**TASK STATEMENT**
Everything from the first line of the data through the line with "Denna stickade blus" is to be echoed exactly, minus the pictures.

────────────────────────────────────────

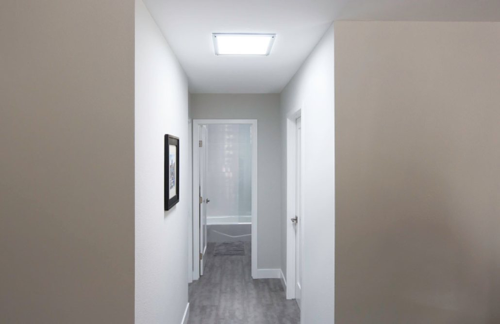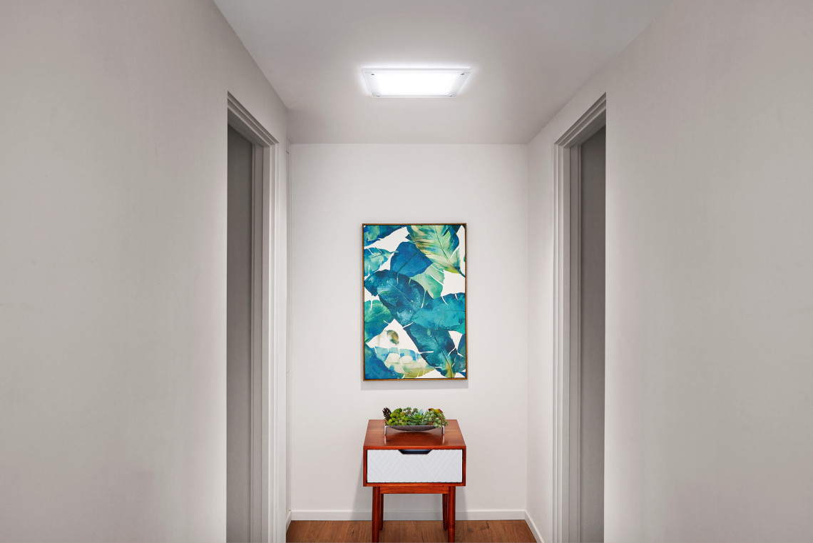 The Solatube Ø 35 cm system is available with various ceiling diffuser style options in both a round or square finish. The square diffuser system also has a unique option which can be recessed into the ceiling.
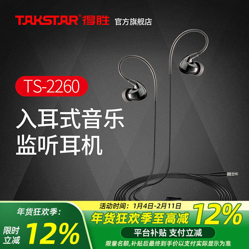 得胜TS-2260入耳式监听耳机重低音炮手机电脑音乐k歌直播音乐耳机
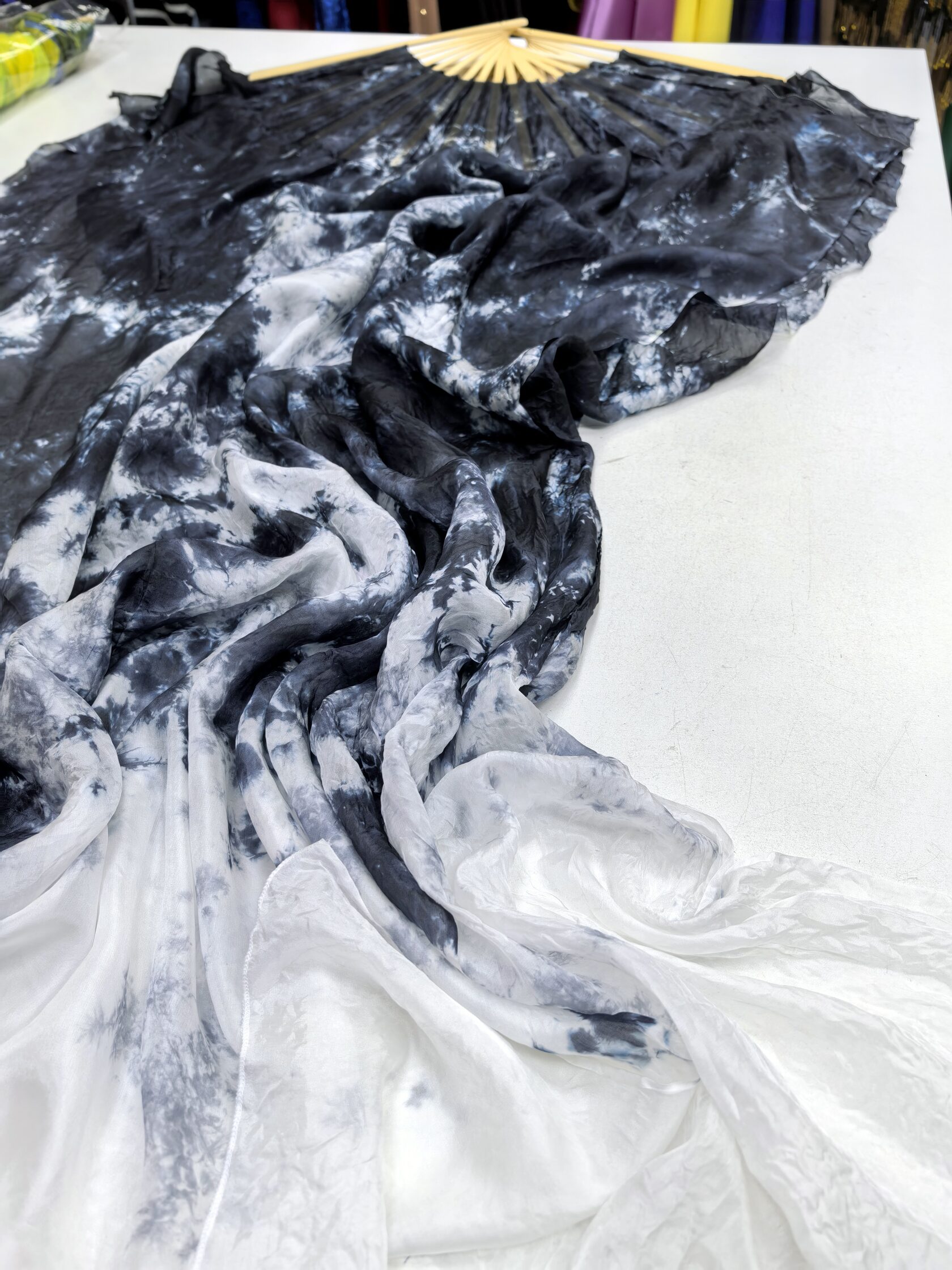 Веера-вейлы выполнены из 100% натурального шелка, что обеспечивает их долговечность и комфорт в использовании. Длина шелка составляет 150 см, что позволяет использовать веера для танцев на различных мероприятиях.
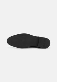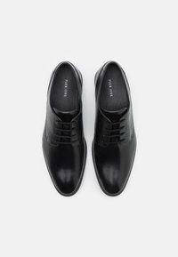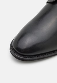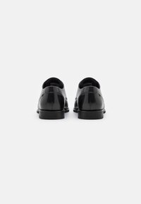 Chaussure de ville en cuir noir avec une finition lisse, un bout rond, cinq œillets pour les lacets et un petit talon en caoutchouc. Design minimaliste sans embellissements.
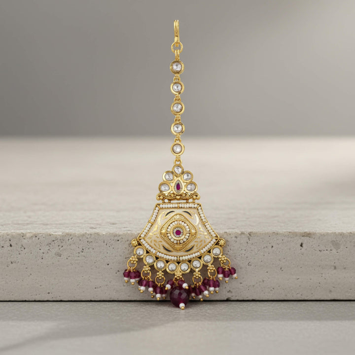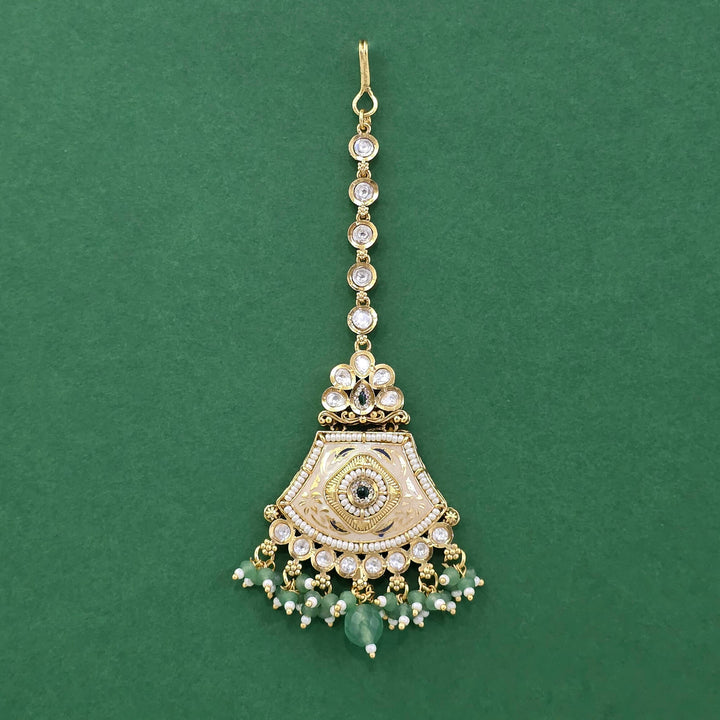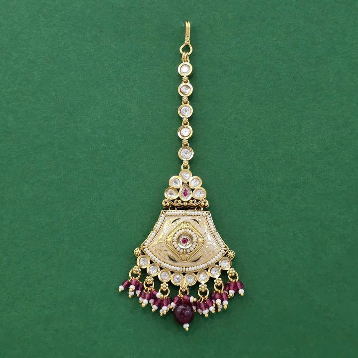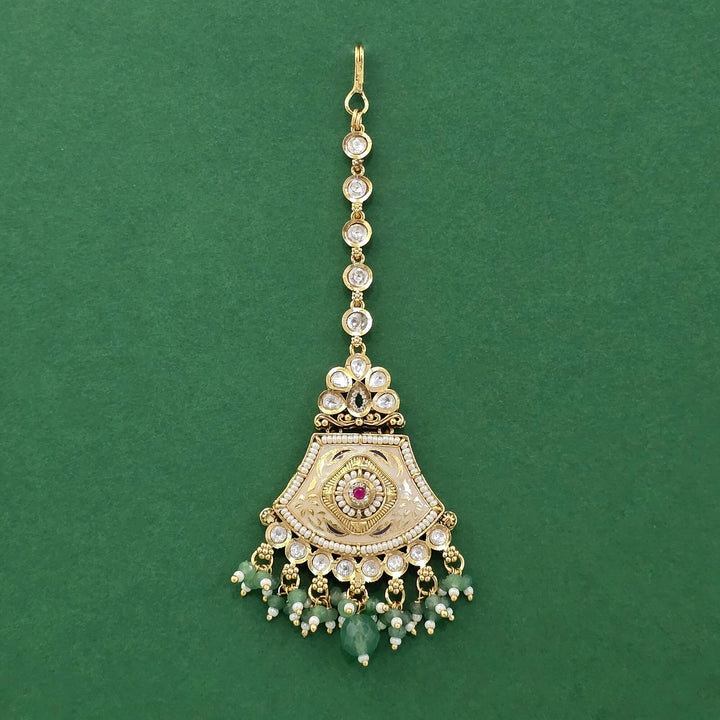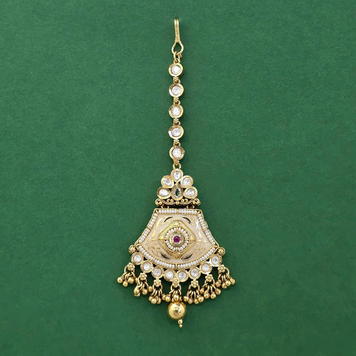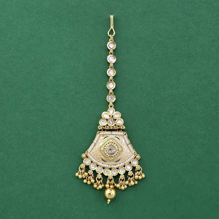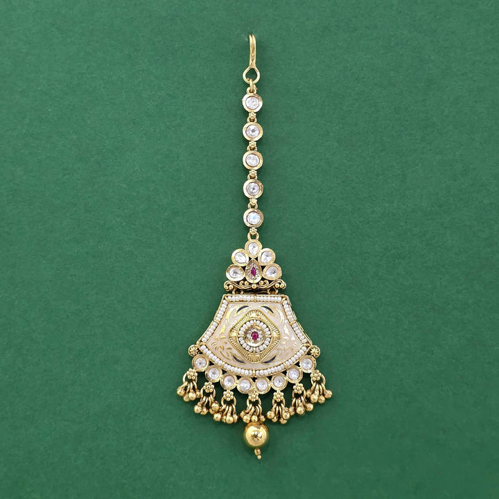 229481 Antique Moti Tikka With Matte Gold Plating
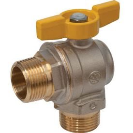 Кран шаровой угловой полнопроходной с желтой рукояткой, с внутренней и наружной резьбой, никелированный.
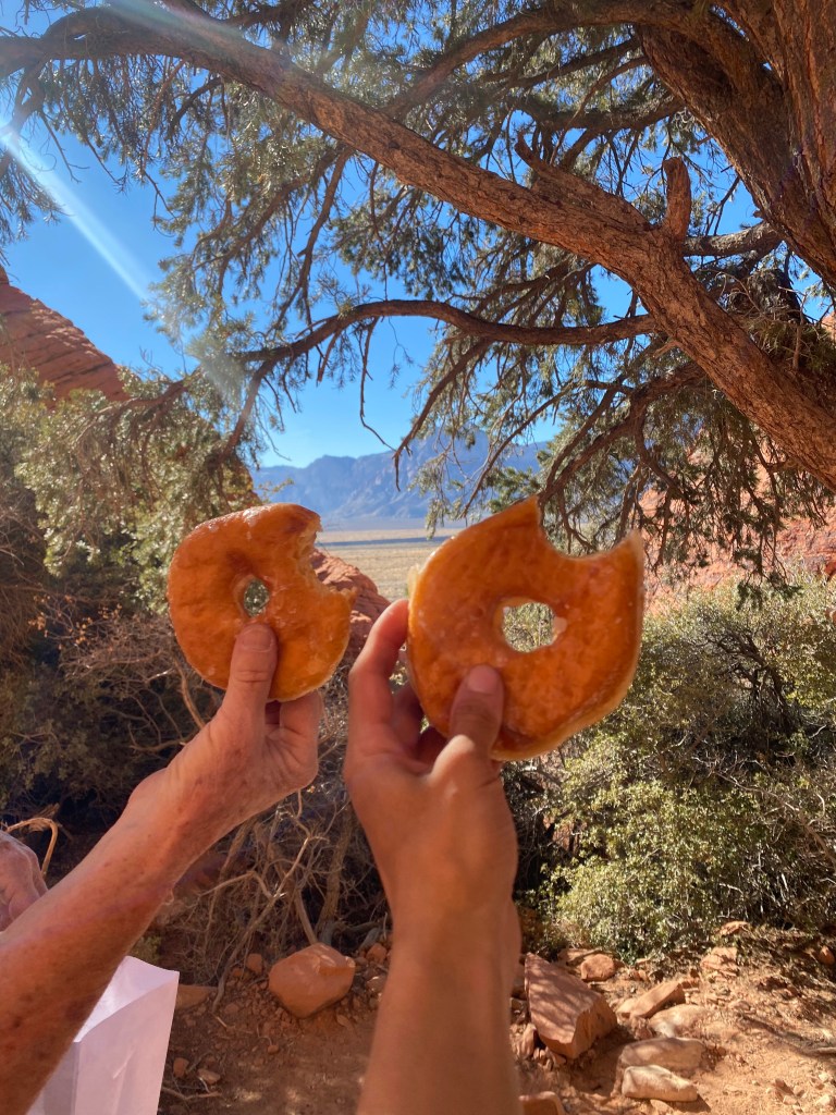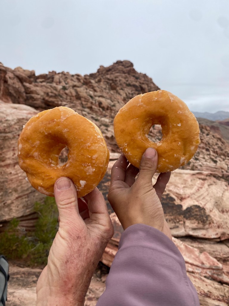 Additionally, my favorite donut place in Vegas is Randy’s Donuts. Donuts are more fun with friends, so I brought one to share each morning. We got to take some silly photos of donuts and reward ourselves with sweet treats.
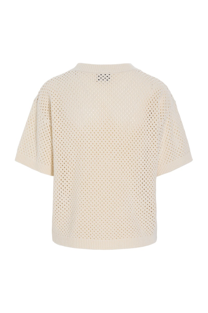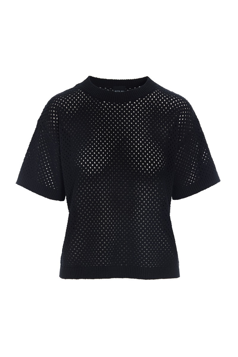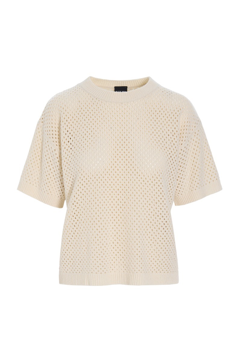 Denna stickade blus med ett delikat spetsmönster kombinerar komfort med elegans. Blusen är underbart mjuk att ha på sig. Spetsmönstret gör blusen genomskinlig, så det är perfekt att ha en topp, T-shirt eller skjorta under.
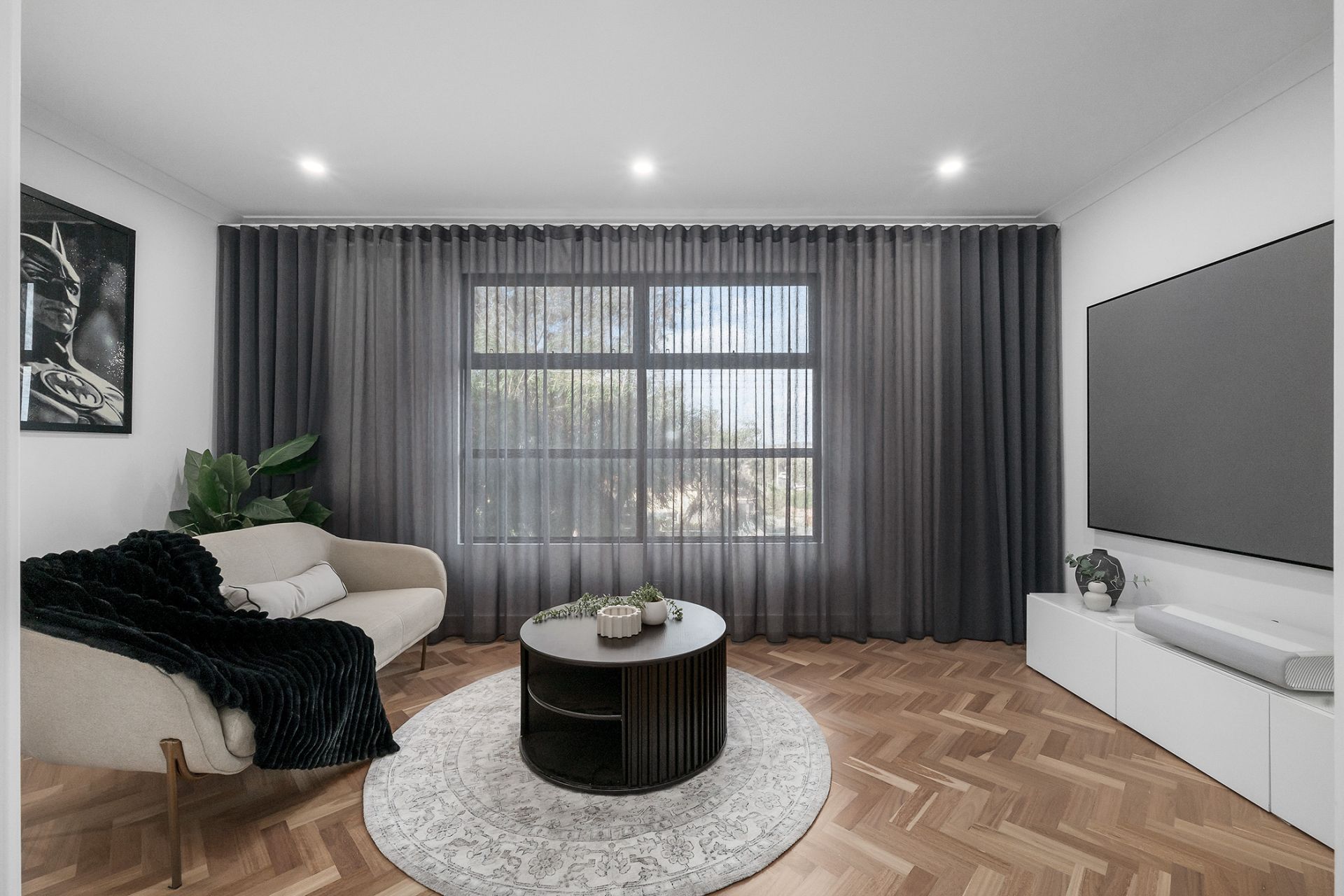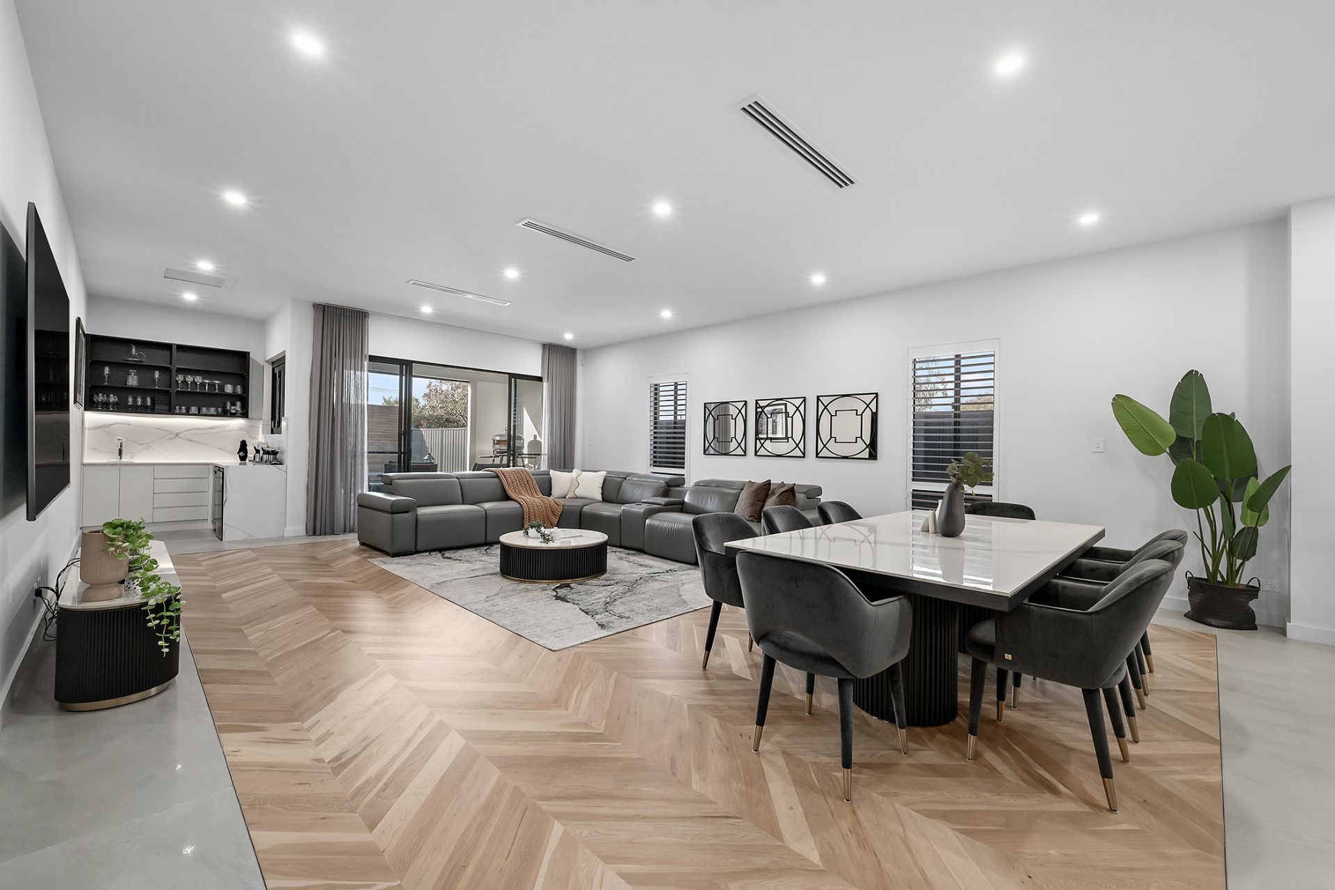 • Expansive open-plan living zone with soaring ceilings, atrium feature and chevron solid timber floors

────────────────────────────────────────

**YOUR RESPONSE**
 The Solatube Ø 35 cm system is available with various ceiling diffuser style options in both a round or square finish. The square diffuser system also has a unique option which can be recessed into the ceiling.
 得胜TS-2260入耳式监听耳机重低音炮手机电脑音乐k歌直播音乐耳机
 Веера-вейлы выполнены из 100% натурального шелка, что обеспечивает их долговечность и комфорт в использовании. Длина шелка составляет 150 см, что позволяет использовать веера для танцев на различных мероприятиях.
 Chaussure de ville en cuir noir avec une finition lisse, un bout rond, cinq œillets pour les lacets et un petit talon en caoutchouc. Design minimaliste sans embellissements.
 229481 Antique Moti Tikka With Matte Gold Plating
 Кран шаровой угловой полнопроходной с желтой рукояткой, с внутренней и наружной резьбой, никелированный.
 Additionally, my favorite donut place in Vegas is Randy’s Donuts. Donuts are more fun with friends, so I brought one to share each morning. We got to take some silly photos of donuts and reward ourselves with sweet treats.
 Denna stickade blus med ett delikat spetsmönster kombinerar komfort med elegans. Blusen är underbart mjuk att ha på sig. Spetsmönstret gör blusen genomskinlig, så det är perfekt att ha en topp, T-shirt eller skjorta under.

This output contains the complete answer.